BCM-3963, BCM-4888 and BCM-3613 response to combination treatment. BCM tumors were administered vehicle controls, single agents or combination treatments for 14 days. ABT-263 was administered continuously days 1–14. Representative H&E images are presented to compare BCM-3963 (a–d), BCM-4888 (g–j) and BCM-3613 (m–p) treatment groups. Note significant elimination of BCM-3963 tumor cells post-combination treatment (d). Tumor cross-sectional area was summarized across multiple tumors from BCM-3963 (e), BCM-4888 (k) and BCM-3613 (q) experiments (Welch’s one-tail t test BCM-3613: vehicle versus T-DM1; p value = 0.0159).
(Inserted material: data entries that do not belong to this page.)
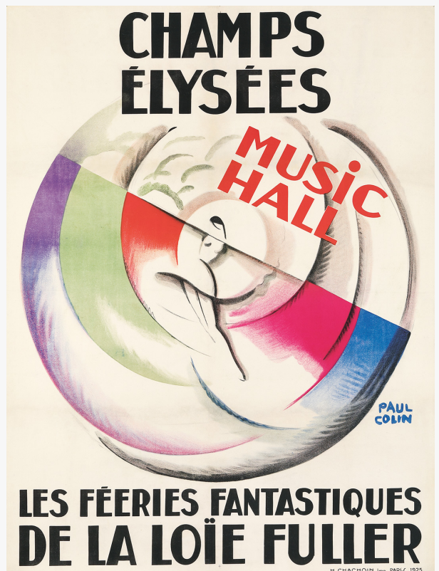
Paul Colin, Champs Élysées / La Loïe Fuller. 1925. Estimate: $30,000-$40,000.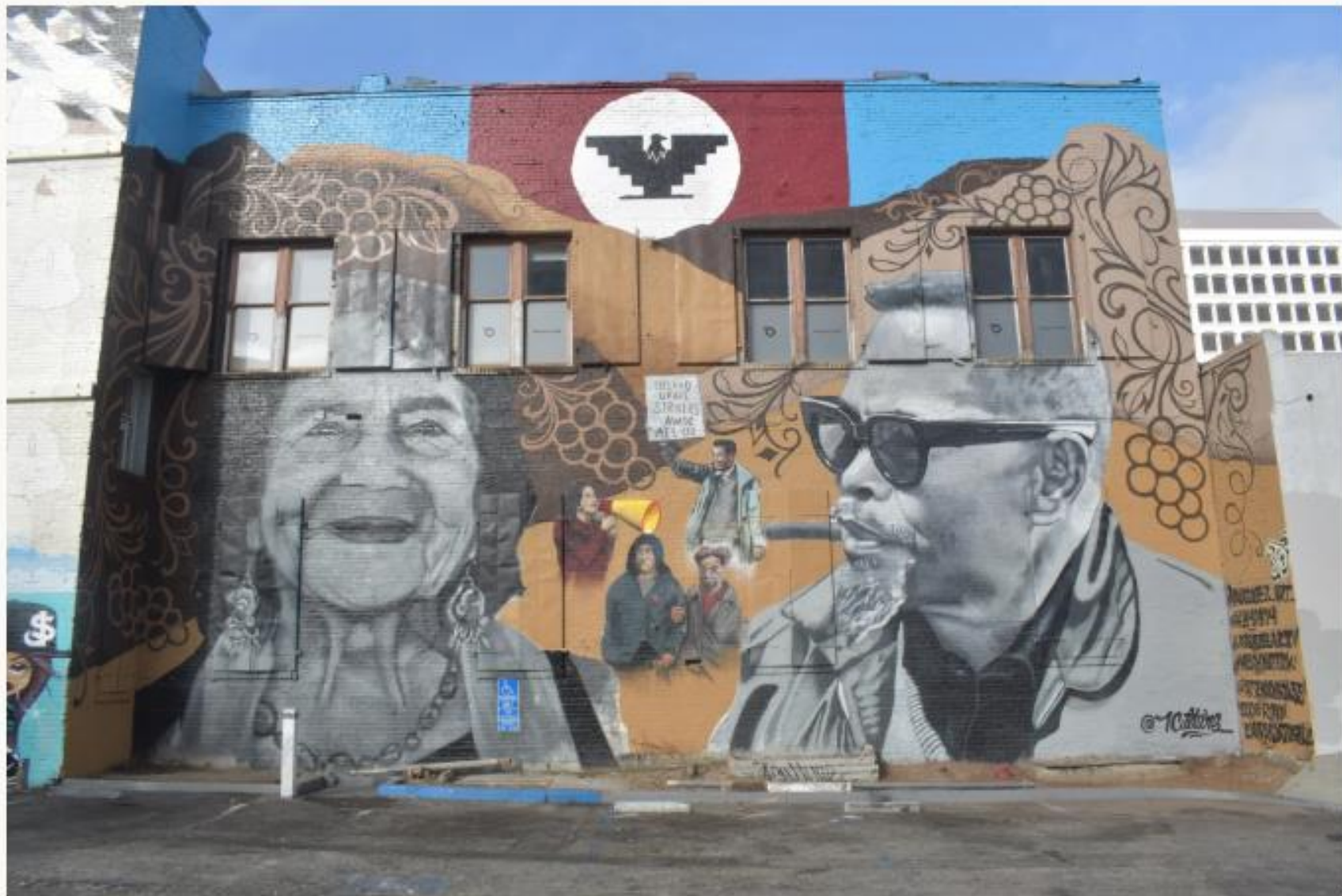
Larry Itliong & Dolores Huerta Mural in San Jose @ 4th & Santa Clara Streets SJ (Chevron Station)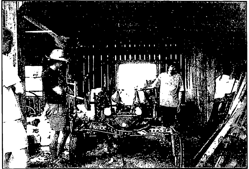
Problem solving at ISE: can this old vehicle be usefully recycled?

For those who want an immersion experience,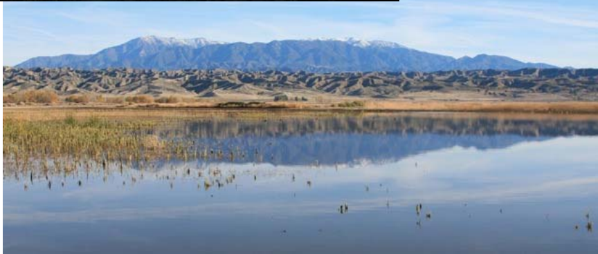
Most upper photo a scenic view of Lake Perris State Recreation Area, a good location for hiking and birding; lower photo a view of Mt. San Jacinto from the San Jacinto Wildlife Area; photo on the right is of birding at the San Jacinto Wildlife Area.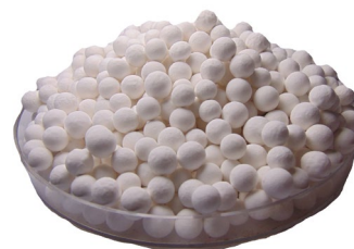
Safetysorb Adsorbent Media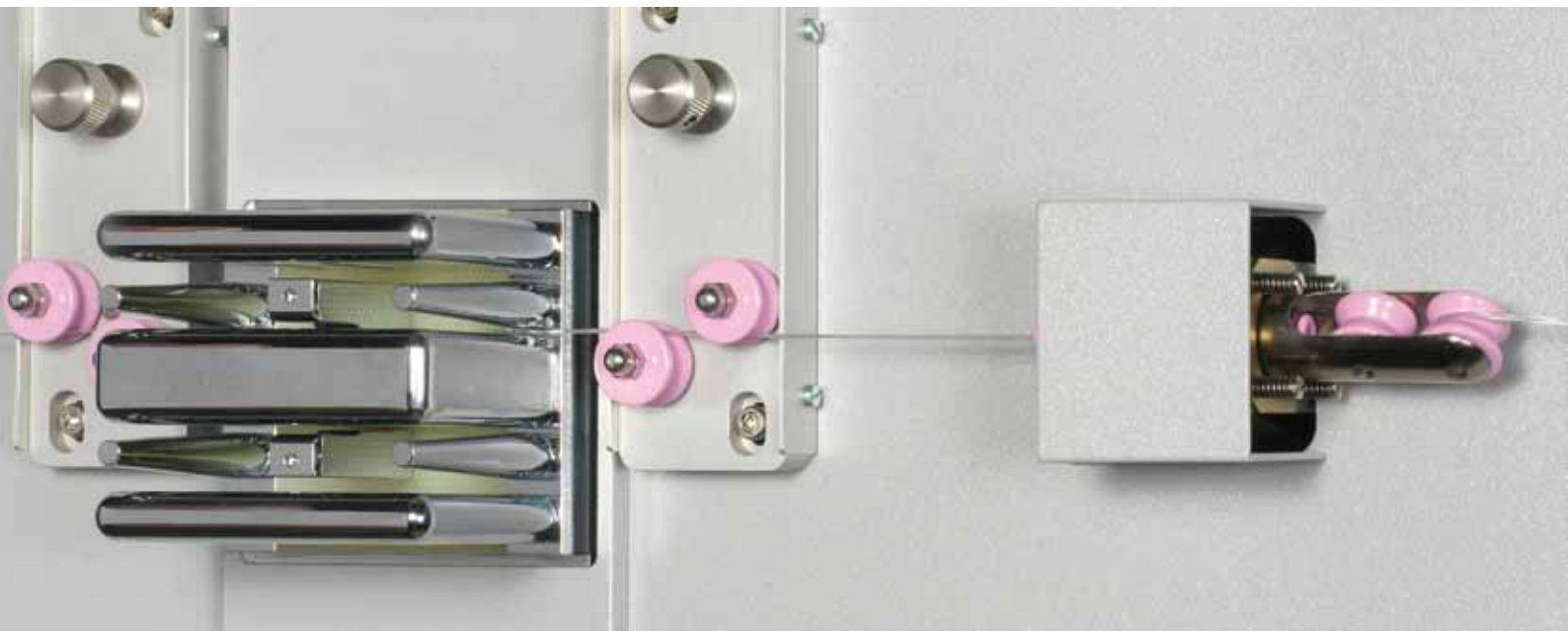
Sensor with Twister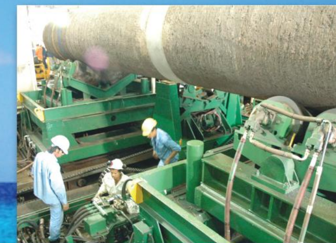
INT'L SITE SERVICES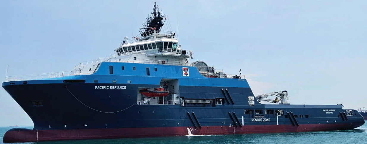
PACIFIC DEFIANCE as shown, PACIFIC DOLPHIN similar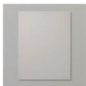
Gray Granite 8-1/2" X 11" Cardstock - 146983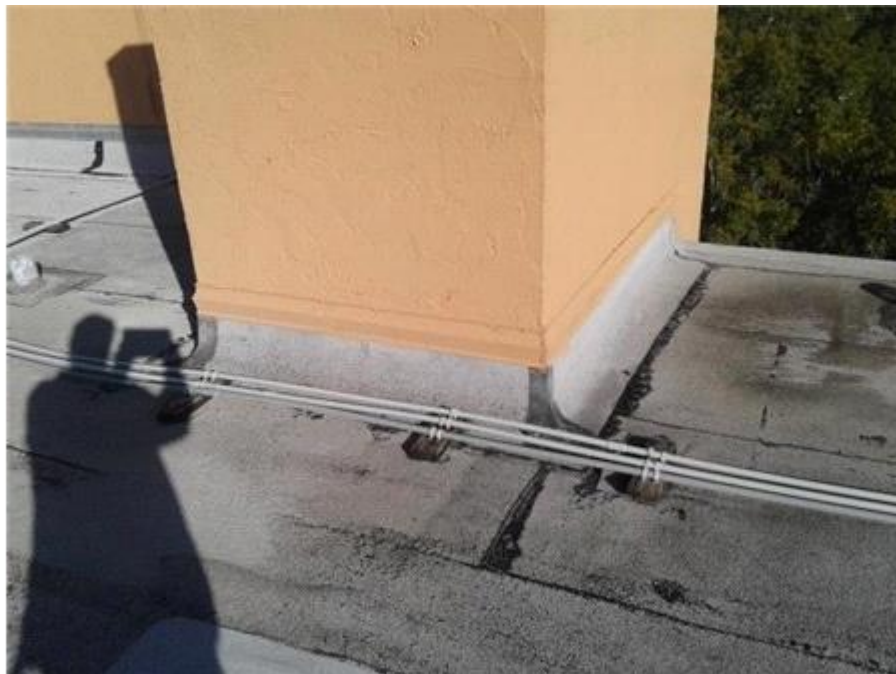
004F - The Towers - BUR - Base Flashings

The roof surface appears to be in fair condition at this time.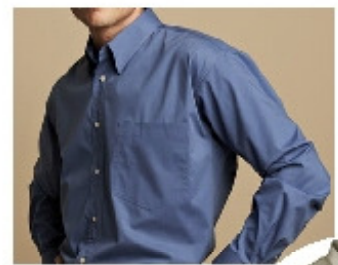
Dress Shirt (black, blue, navy, tan) $50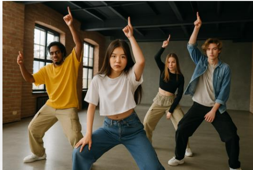
Learning K-pop Dance 8/11(Thurs)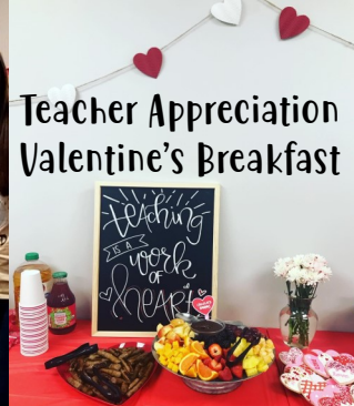
Teacher Appreciation Valentine's Breakfast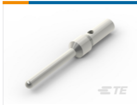
TE Part #T2070001033-000 CAM-33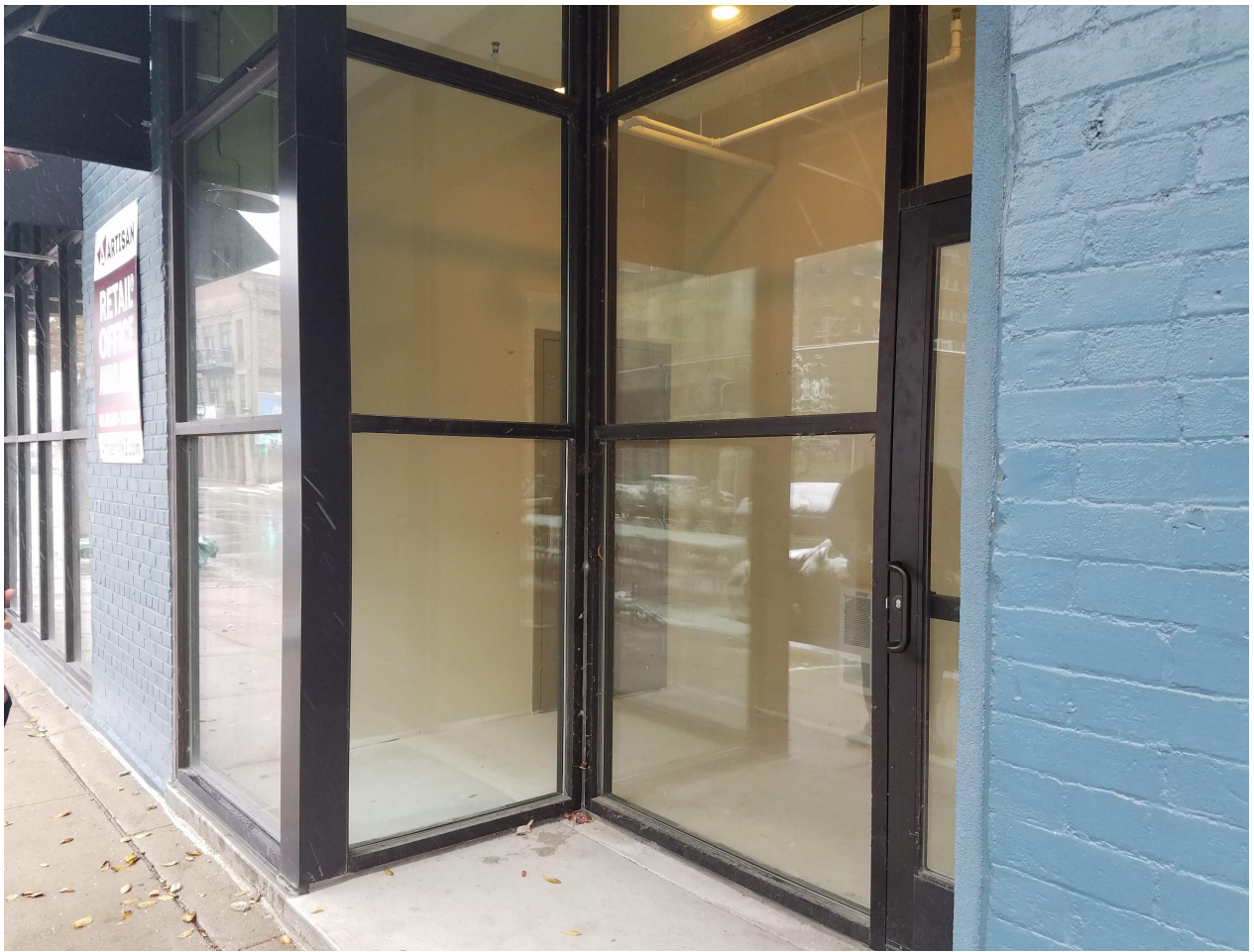
EXTERIOR ENTRY VIEW LOOKING NORTH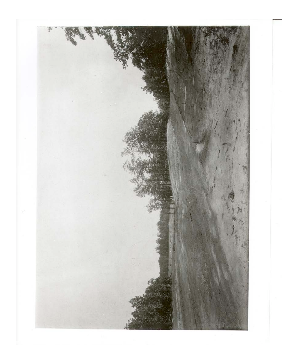
From Moreland Drive by J.C. Olmsted 25th March 1902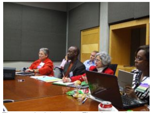
The executive board meets Thursday evening.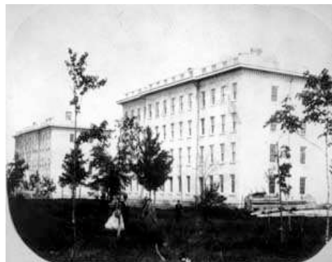
Mason Hall, 1861 Original University Instructional Building in Ann Arbor, built in 1841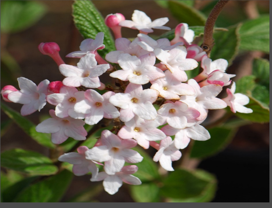
Viburnum x juddii One I have discovered this year with the most fabulous scent in Autumn and into Winter NOT YET AVAILABLE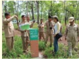
Project for Facilitating the Implementation of REDD+ Strategy and Policy (TC: '11-)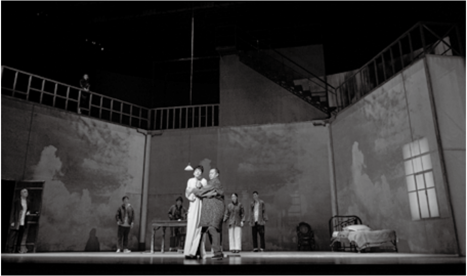
■ Stage Photo of Diary of a Madman

can avoid a sociological abstract interpretation of the historical reality.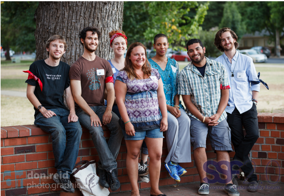
Student sustainability leaders representing half a dozen educational institutions in the region met for the first time at SSF 2.0 June 14' event. Collectively on their own initiative they approached SSF 2.0 planning team seeking mentorship and support to bring sustainability into their schools.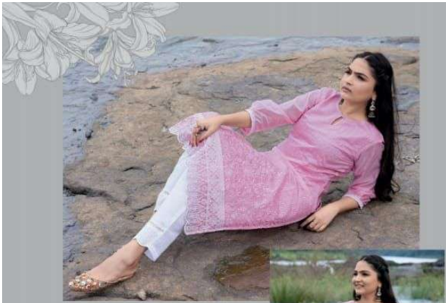
SHFL - 02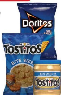
FRITO LAY TOSTITOS OR DORITOS CHIPS select varieties reg. $5.49; or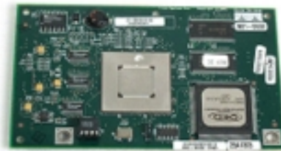
Figure 6 VPN/EPII Encryption AIM

The AIM-ATM provides a high-performance hardware-based ATM access solution for one to four T1 or E1 connections supported by the T1 or E1 VWICs (for example, VWIC-1MFT-T1). This frees the network module slot to support other functions. When used in combination with a high-density voice network module (NM-HDV-xxx), the ATM AIM supports ATM adaptation layer (AAL) 2 and AAL5 VoATM. In addition, the AIM-VOICE-30 and AIM-ATM-VOICE-30 AIMs provides a cost effective solution for supporting voice services or digital voice over ATM (AAL2 and AAL5) support, without the use of a network module (refer to Appendix C for the complete list of supported AIM modules for the Cisco 2600 Series).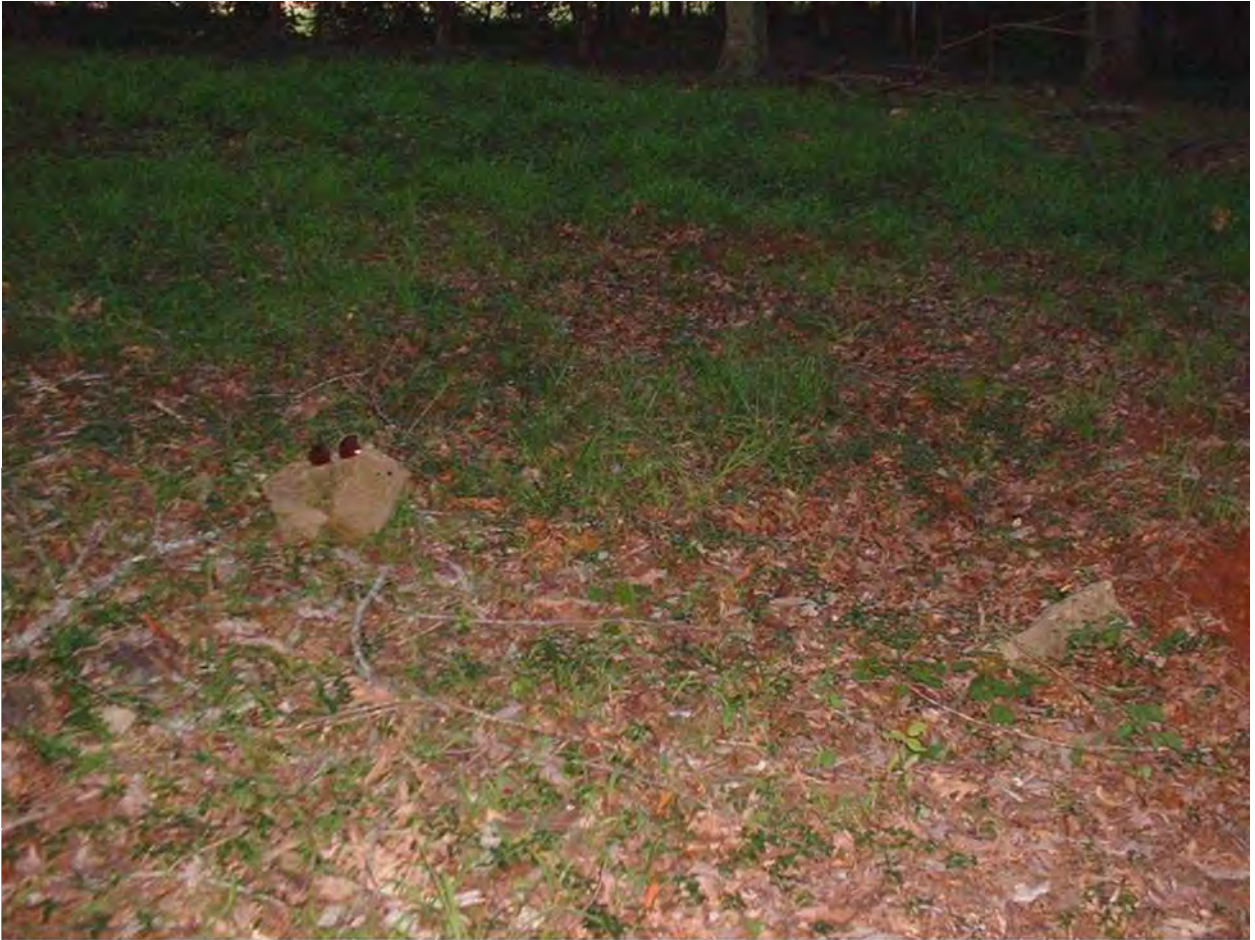
Moore - Landman Cemetery, Redstone Arsenal, Madison Co., AL, June, 2002.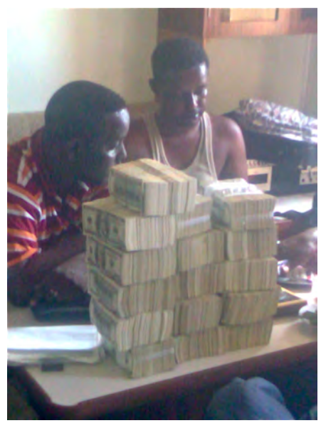
Pirates Dividing Ransom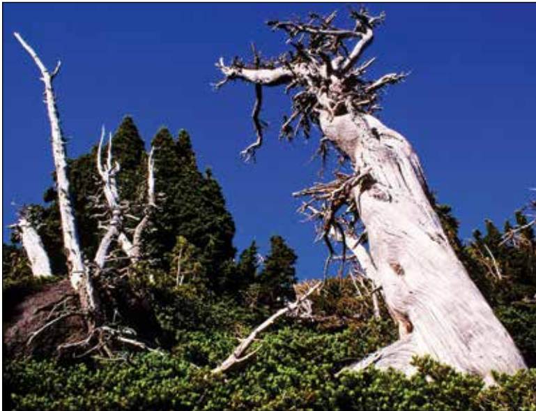
Mt. Jefferson Wilderness, Deschutes National Forest

The following sections of this guide show the threats to these four qualities and the actions that can be taken to preserve them.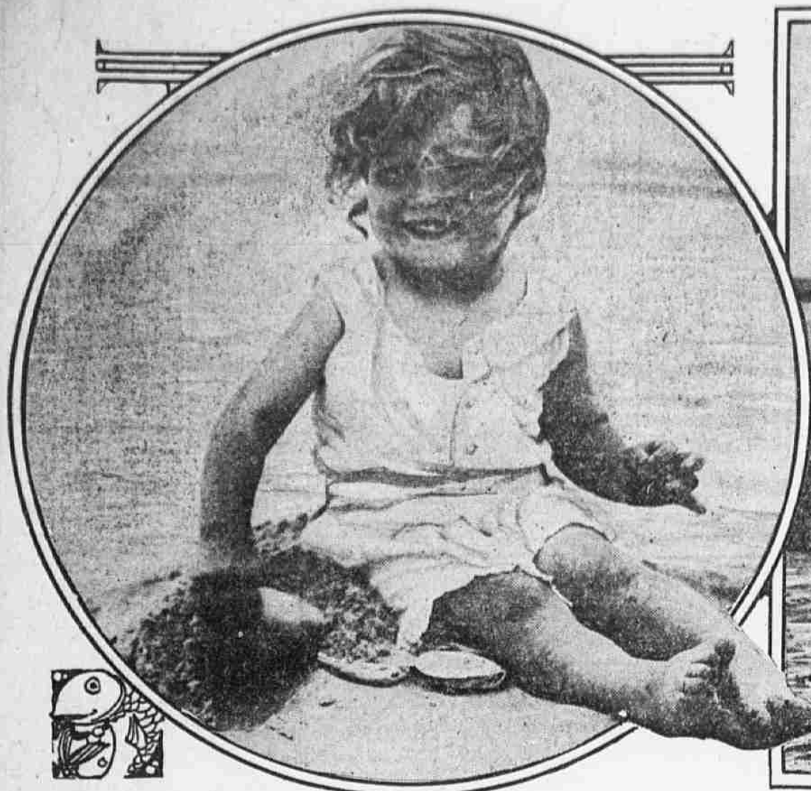
SIT ALL DAY IN OUR B. V. D.'S

WHAT WE WOULD ALL LIKE TO DO ON A HOT DAY LIKE THIS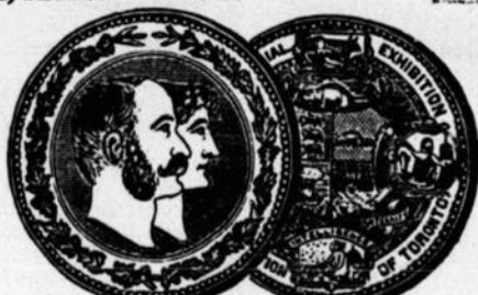
2 Gold Medals, Toronto, 1888-89.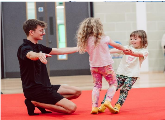
Young participants and their coach at a RISE Gymnastics session at Lisnasharragh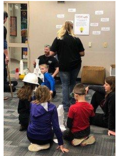
Figure 3 4th grade students enjoying Engineering Day with students from Cincinnati State College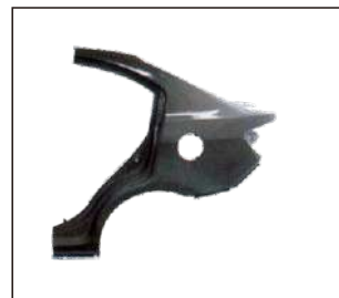
REAR FENDER 905.CV19008A R:93736320 L:93736319

All trademarks and vehicle models (including their names and pictures) mentioned in this catalogue are for reference only. Our production is not original replacement parts but interchangeable against original parts.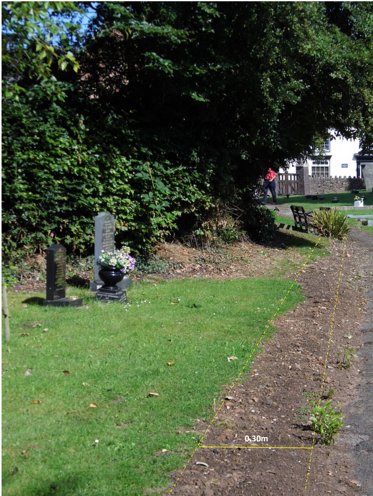
Figure 6. Churchyard with location of trench, facing north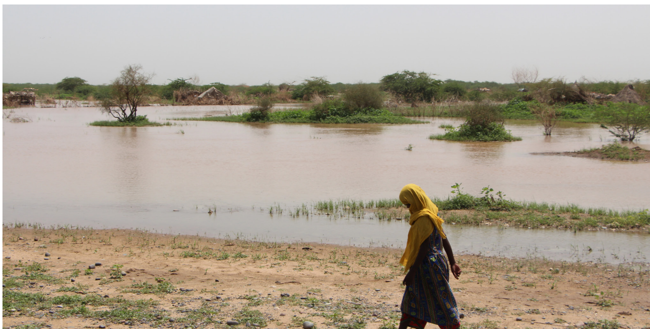
In Sudan millions are affected by droughts and flooding.

environments; and increasingly occurring within existing conflict environments – fuelling new or prolonging conflict dynamics as communities feel resource constraints. Ultimately, it is likely the climate crisis will influence every aspect of humanitarian action, and not be a discrete issue as sometimes perceived. Humanitarian actors must fundamentally shift their mindset away from being geared towards protracted conflict crises and one-off disaster events, and towards approaches that consider cascading risks and a state of global ‘polycrisis’.

Tumor cellular content was summarized across multiple tumors from BCM-3963 (f), BCM-4888 (l) and BCM-3613 (r) experiments (Mann-Whitney one-tail test BCM-3963: vehicle versus T-DM1; p value = 0.0143, T-DM1 versus T-DM1 + ABT-263; p value = 0.0143 and BCM-4888: vehicle versus ABT-263; p value = 0.0357). p values ≤ 0.05 (*) are indicated as numerical values and p values > 0.2 are indicated as NS. Additional statistical tests comparing vehicle with each of the treatment groups are summarized in Supplementary Table 3. Each line represents the mean (e, k and q) or the median (f, l and r). Scale bar, ~185 μm.

Figure 6.

HER2 levels post-treatment. PDX12 (a–e) and PDX8 (g–k) tumor sections were evaluated for HER2 via IHC. Representative HER2 IHC images are presented to compare treatment groups. Note PDX12 and PDX8 T-DM1-treated tumors express lower levels of HER2 (c–e and i–k). Note single agent ABT-263 upregulates HER2 in PDX12 tumors (b). HER2 was quantified via H-score assessment (37). Data were summarized across multiple tumors from PDX12 (f) and PDX8 (l) experiments (Mann-Whitney one-tail test PDX12: vehicle versus ABT-263; p value = 0.0500, vehicle versus T-DM1; p value = 0.0500, vehicle versus T-DM1 + ABT-263; p value = 0.0286, vehicle versus T-DM1 + ^PULSEABT-263; p value = 0.0286 and PDX8: vehicle versus T-DM1; p value = 0.0079, vehicle versus T-DM1 + ABT-263; p value = 0.0079, vehicle versus T-DM1 + ^PULSEABT-263; p value = 0.0179). p values ≤ 0.05 (*) or ≤ 0.01 (**) are indicated as numerical values. Each line represents the median. Scale bar, ~90 μm.